Chinese art reached a zenith during this Golden Age, and this is perhaps best seen in the introduction of one of the most stereotypical of Chinese art forms, porcelain, a very fine form of pottery. Porcelain's composition was perfected during this period, and soon became one of the most common exports from China, all of it glazed with impressively detailed precision. Speaking of glazing, one of the most common finds from the Golden Age of Chinese art are glazed ceramic objects. While produced en masse, these objects still showed the incredible workmanship of even mediocre ceramicists.

However, the most impressive art to come from this period are the numerous paintings, many of which still fetch a handsome price. Chinese painters embraced the power of the landscape as a motif in their works and often minimized the role of individuals.
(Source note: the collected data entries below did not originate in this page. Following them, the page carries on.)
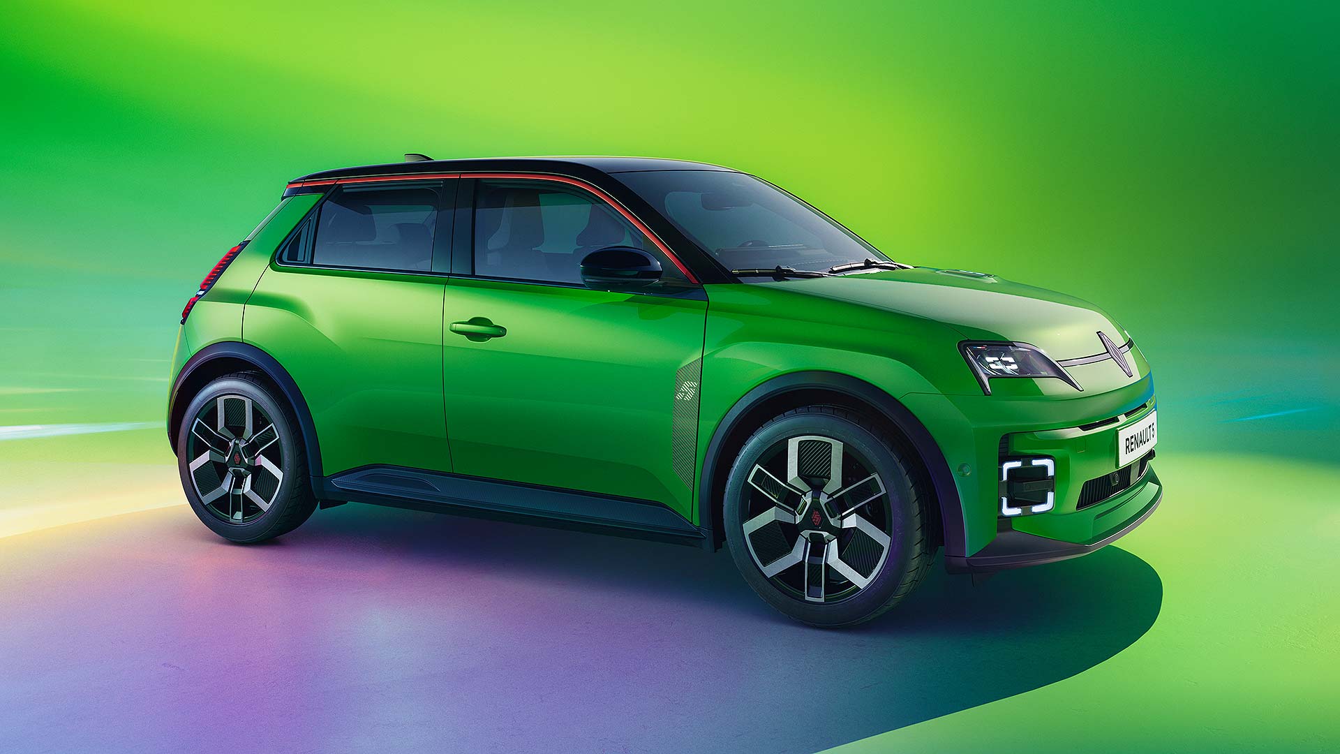 Notable new green electric cars include the Renault 5 E-Tech (pictured above) – indeed, green is the ‘free’ colour for the R5, with other hues being optional extras.
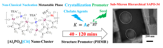 发表于Chemical Engineering Journal(2020, 381, 122759),题为A chemical approach for ultrafast synthesis of SAPO-n molecular sieves的工作中,作者利用柠檬酸与铝离子的耦合作用,显著促进了分子筛前驱体成核,并缩短了磷酸铝分子筛的晶化合成周期,实现了化学策略下的快速合成技术。这种化学促进作用能将晶化合成周期从数十小时,缩短到两小时,并显著区别于现有的物理促进合成技术。相关规律与机理研究表明,借助于柠檬酸等螯合剂的耦合作用,可以简洁的促使分子筛前驱体形成介稳态半晶体纳米团簇,加快成核与晶化。动力学研究表明该促进作用改变了晶化速率常数中的指前因子,而非晶化生长活化能。作者将此现象关联为非经典成核生长。在此基础上,进一步调控分子筛的结构形成多级孔分子筛,其在催化甲醇制烯烃过程中表现出优异的催化性能。值得指出,基于上述研究工作原理创新,所得到的技术创新性得到了国家专利局的肯定。以该工作申报的国家技术发明专利以原文无复议的形式,很快得到了授权(ZL201910079388.1)。该工作得到了中国天辰化学工程公司的大力支持,相关规模化试验工作正在进行中。胡茂从博士为论文撰写布局,材料科学与工程学院研究生王添漪完成了实验工作,李霞与王志义教授提供了重要的理论指导,刘旭光博士提供了研究思路并主导了研究工作。
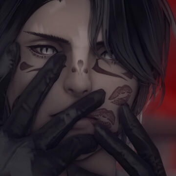red-lipped & honey-voiced; her mouth is perpetually curved into a half-moon smile: canines are short but sharp, moon-crested in the lowlight. amusement makes itself home in the darling murmur of her laugh— yet her mask hides the upper part of her features, bone-solid and decorated with strange sigils.antibody's darling director of war: war as a hunger, war as inevitable, war as the thing that yearns.
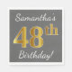 Grey, Faux Gold 48th Birthday + Custom Name Napkin
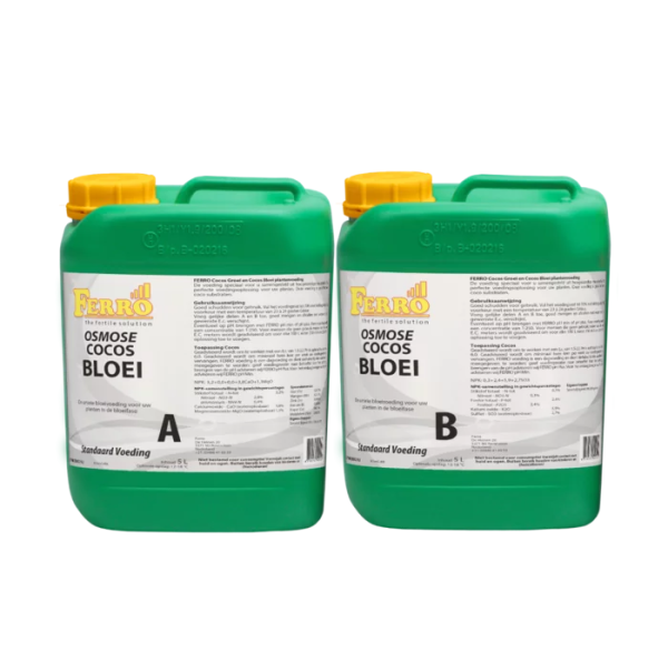 De Osmose COCOS GROEI A&B voeding is de voeding die gebruikt wordt tijdens de start- en groeifase op cocos substraten. Tijdens deze fase is het belangrijk dat de plant een uitgebalanceerde voeding krijgt, alsmede een goede pH sturing in het medium. Een perfecte twee componenten voeding voor uw planten tijdens de groeifase op cocos. Cocos Groei A & Cocos Groei B.
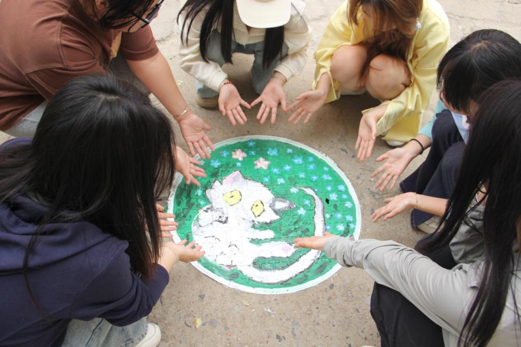 本次地绘活动不仅为学生搭建了展示艺术创意的舞台,锻炼了他们的专业能力和团队精神,更美化了学院环境。未来,“画外音”辅导员工作室将继续探索“美育+心理”育人模式,通过更多创意活动为学生心理健康成长赋能。
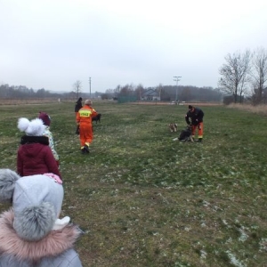 Dzisiaj (23.01) spotkaliśmy się z Sekcją Psów Poszukiwawczo - Ratowniczych OSP Jasień. Dzieci wysłuchały ciekawych opowieści Pani Ewy oraz Panów Piotra i Krzysztofa, nauczyły się jak należy traktować psa, jak do niego podchodzić, zobaczyły kilka elementów tresury. Następnie udaliśmy się w teren, gdzie mogliśmy zobaczyć fragment akcji poszukiwawczej. Na koniec spotkania rozgrzaliśmy się przy ciepłych napojach i słodyczach. To był bardzo udany dzień. Dziękujemy Sekcji Psów Poszukiwawczo - Ratowniczych za mile spędzony czas.
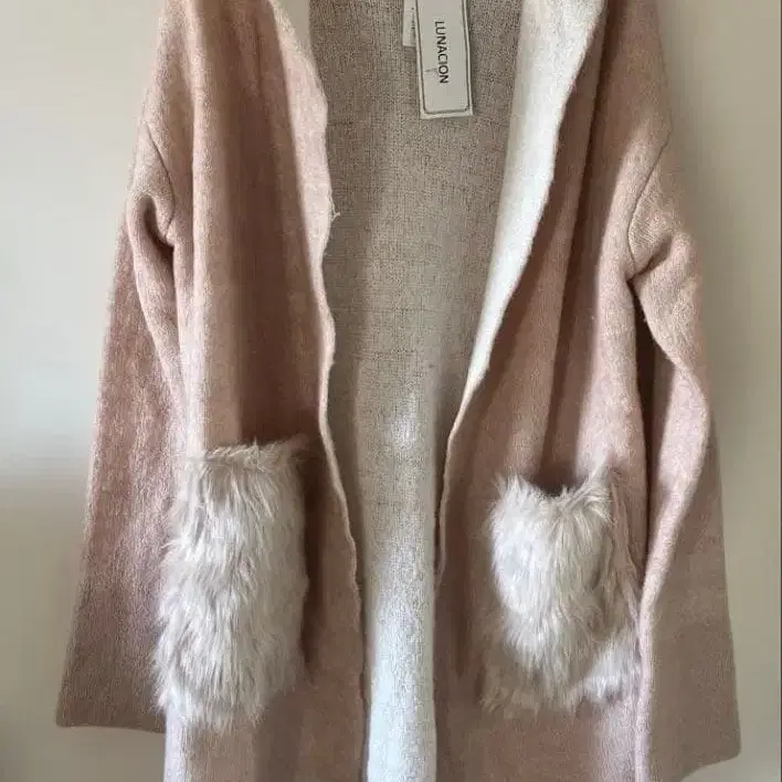 [ 미사용품 ] LUNACION 퍼 포켓 롱 가디건 사이즈 M
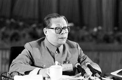 1989年6月23日至24日,中国共产党第十三届中央委员会第四次全体会议在北京召开。这是江泽民同志在会上讲话。 新华社发
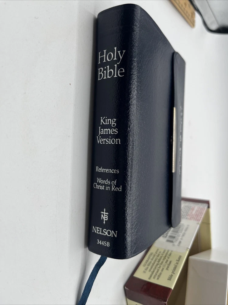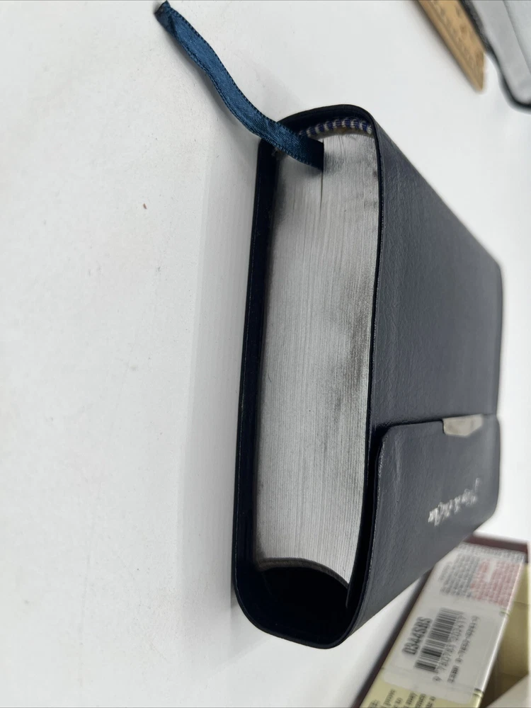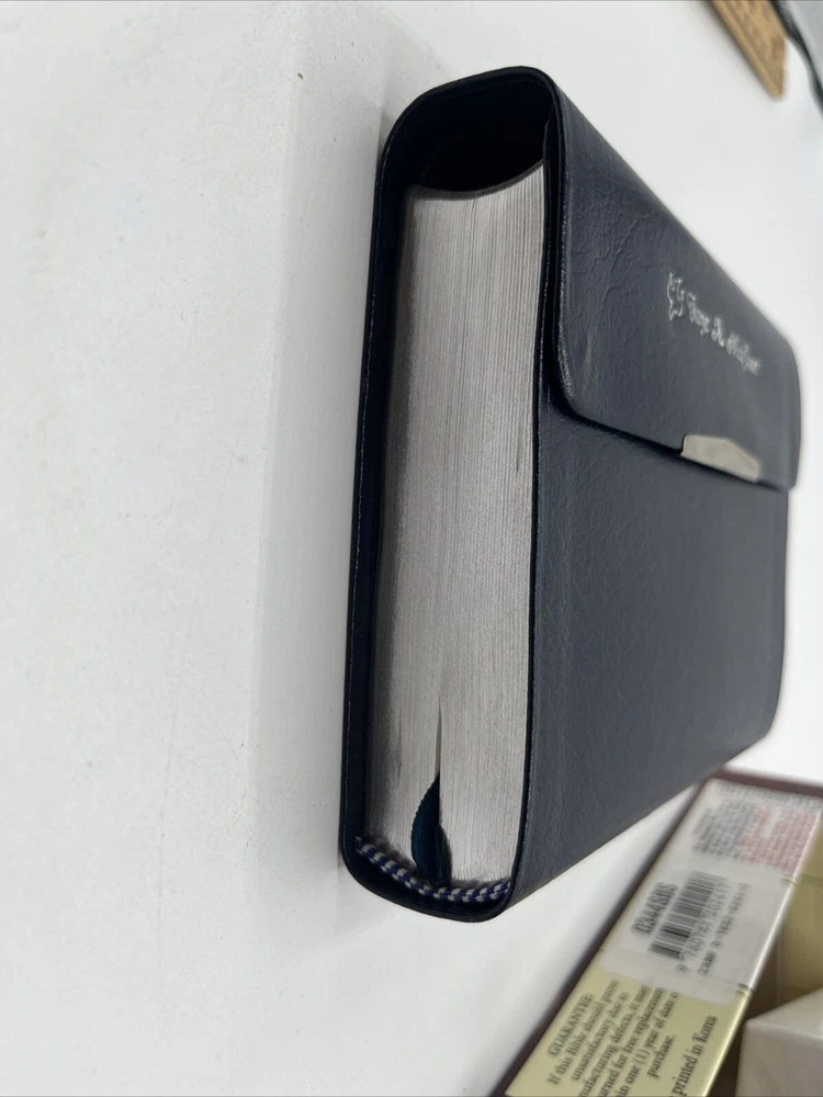 Good Pre-owned condition. With box. Does have personalization on the front and handwritten in. Blue Genuine bonded leather.

Indeed, in those works, where both people and landscapes are present, humans are shown as small, often hard to see, and even their greatest structures are shown to be placed in harmony with nature, rather than trying to force nature to be in harmony with humanity. The techniques used to paint these scenes, most notably watercolors, also lends itself to the harmony with nature, as lines blur between elements of the work to help create a cohesive whole.

Literature

While the art of the Chinese Golden Age may only be enjoyed by a handful of well-heeled collectors and art historians, the literature of this period has had an everlasting impact on Chinese culture up to the current day. Chinese poetry of this period was especially enlightened and covered all manners of topics. Among the most well-remembered poets are Li Bo, Du Fu, and Su Shi.

Li Bo wrote about great issues of romance and alcohol, and aptly enough, is rumored to have drowned after drunkenly falling into a river while trying to touch the moon's reflection. Du Fu and Su Shi met less ironic demises, but their work is still worth mention: Du Fu for his imagery regarding the life of an imperial bureaucrat, and Su Shi for the sheer amount of imagery that he was able to put in a few well-chosen words.